Marcela Tapajós, chefe de gabinete do presidente da Casa da Moeda Brasileira (CMB), Francisco Franco, foi quem entregou a encomenda ao governo haitiano. Segundo ela, a ajuda financeira foi necessária não só pela catástrofe ter destruído agências bancárias do país, mas também pela capacidade limitada de o governo haitiano renovar sua moeda e dar acesso a pessoas do interior. “Muitas das cédulas usadas já estavam velhas, gastas, não se via o valor. Hoje, o Haiti vive o desafio de aproximar novamente a sociedade do sistema financeiro. Um dos fatores que caracterizam o Estado Moderno é o uso da moeda e a não prática do escambo”, afirma.

A produção de outras moedas pela CMB não é uma novidade. A instituição costuma fabricar para países como a Argentina e Venezuela. A doação de cédulas estrangeiras, no entanto, foi um trabalho inédito. “É muito impactante a carência que ainda enfrenta o Haiti. E é muito gratificante ver o Brasil sendo reconhecido como uma nação amiga nesse cenário”, diz.

Custo da doação
O artigo 10 da lei 12.409, de 25 de maio de 2011, autorizou a doação de 100 milhões de cédulas à República do Haiti. Porém, o custo de produção não poderia ultrapassar 4,8 milhões de reais. Nessas condições, não foi possível a fabricação de toda a remessa. A CMB depende da ampliação do limite de gastos para enviar o montante previsto.

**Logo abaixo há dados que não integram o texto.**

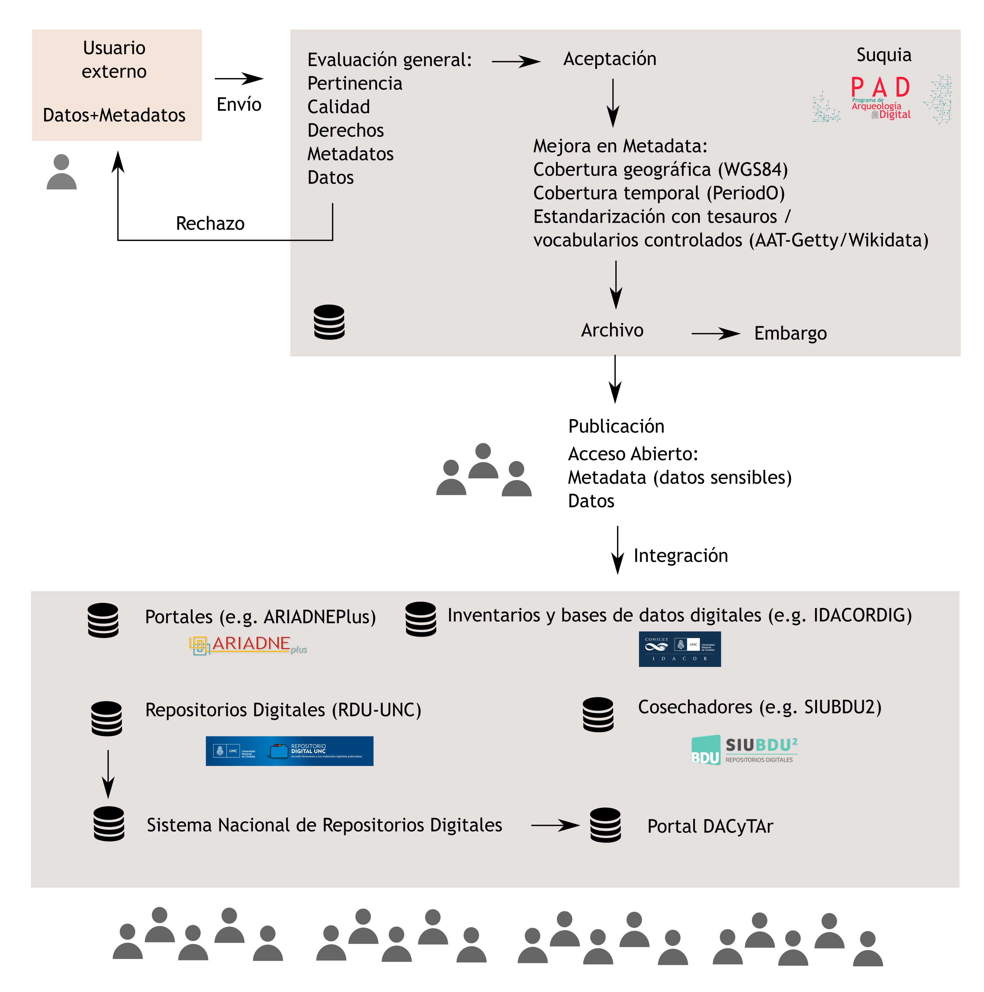 En la Figura 1 se sintetiza el flujo de trabajo para la publicación y resguardo o solo resguardo, en el caso de solicitar embargo en Suquía. También las formas posibles en que los datos pueden integrarse a otras plataformas (i.e., SIU-BDU2, Sistema Nacional de Repositorios Digitales, o el portal DACyTAr, que cosecha sus datos desde este sistema nacional).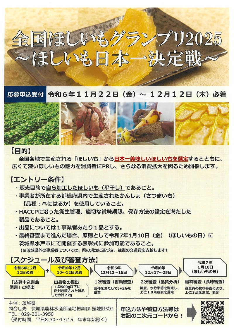 茨城県が日本一美味しいほしいもを決める『全国ほしいもグランプリ2025』を開催します! ご自身の味自慢のほしいもを出品してみませんか? 【目的】 全国各地で生産される「ほしいも」から日本一美味しいほしいもを選定するとともに、広くて深いほしいもの魅力を消費者にPRし、さらなる消費拡大を図るため。 【参加申込】 ★「応募申込書兼調書」と「出品物」の提出が必要です! 1.「応募申込書兼調書」※郵送またはメール 令和6年11月22日(金)~同年12月12日(木)まで(当日必着) 2.「出品物(1袋あたり500g以下に密封包装された製品、合計2キログラム)」※郵送または直接持参 令和6年12月10日(火)~同年12月12日(木)まで(当日必着) 【参加条件】 ・販売目的で自ら加工したほしいも(平干し)であること ・事業者が所在する都道府県で生産されたかんしょ(さつまいも)【品種:べにはるか】を使用していること ・HACCPに沿った衛生管理、適切な賞味期限、保存方法の設定を満たした製品であること ・出品は1事業者あたり1品まで ・最終審査まで進んだ場合、原則として令和7年1月10日(金)(ほしいもの日)に茨城県水戸市にて開催する表彰式に参加可能であること 詳しくは、添付のチラシまたはホームページをご覧ください。 https://www.pref.ibaraki.jp/nourinsuisan/sansin/yasai/hoshiimo/hoshiimogp2025.html 【提出・問い合わせ先】 〒301-8555 茨城県水戸市笠原町978-6 茨城県農林水産部産地振興課内 「全国ほしいもグランプリ2025」事務局 電話番号:029-301-3950(受付時間:平日8:30~17:15) MAIL:sansin3@pref.ibaraki.lg.jp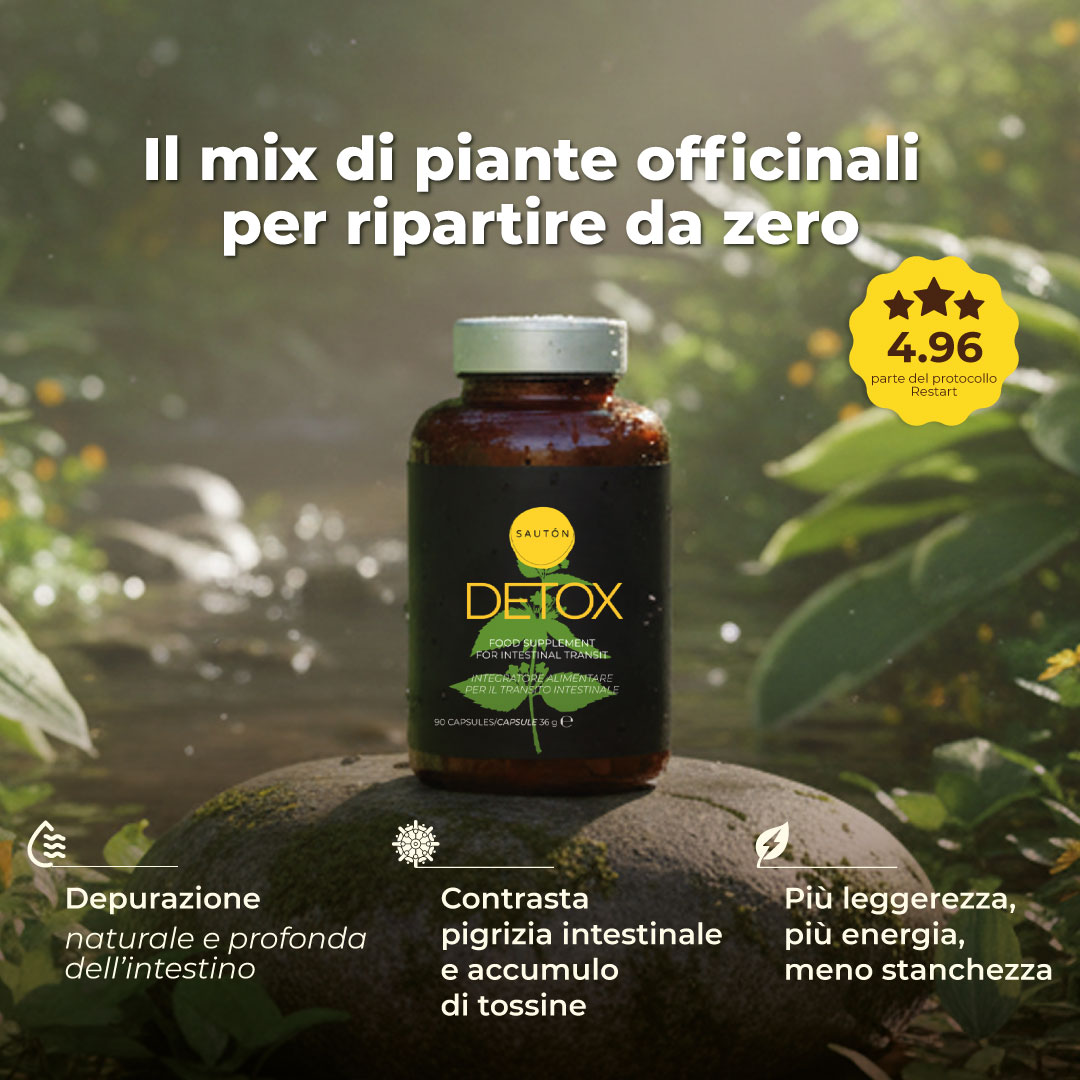 L'aumento dei movimenti intestinali e la sensazione di gonfiore, sono normali effetti collaterali che miglioreranno nei giorni. L'uso consigliato di Detox è di un mese, da ripetere al bisogno (non essendo un vero lassativo, può essere usato più spesso perché disintossica e riequilibra).

O custo de produção das 47,4 milhões de cédulas de gourdes foi de, aproximadamente, 3,6 milhões de reais, de acordo com Marcela. Ou seja, foi preciso 7,59 centavos para fabricar cada cédula. Esse valor é quase três vezes menor que o custo de fabricação das cédulas de R$20 reais em circulação - 20,6 centavos.

Custo das cédulas brasileiras
A introdução das cédulas da Segunda Família do Real mudou os valores de produção da Casa da Moeda. Segundo dados do Banco Central do Brasil, as notas tiveram aumento entre 1,4% e 37,1% em relação à Primeira Família. Além disso, as novas cédulas tornaram o seu valor proporcional ao seu custo de produção – o que acompanha uma das mais marcantes novidades, o tamanho diferenciado entre elas.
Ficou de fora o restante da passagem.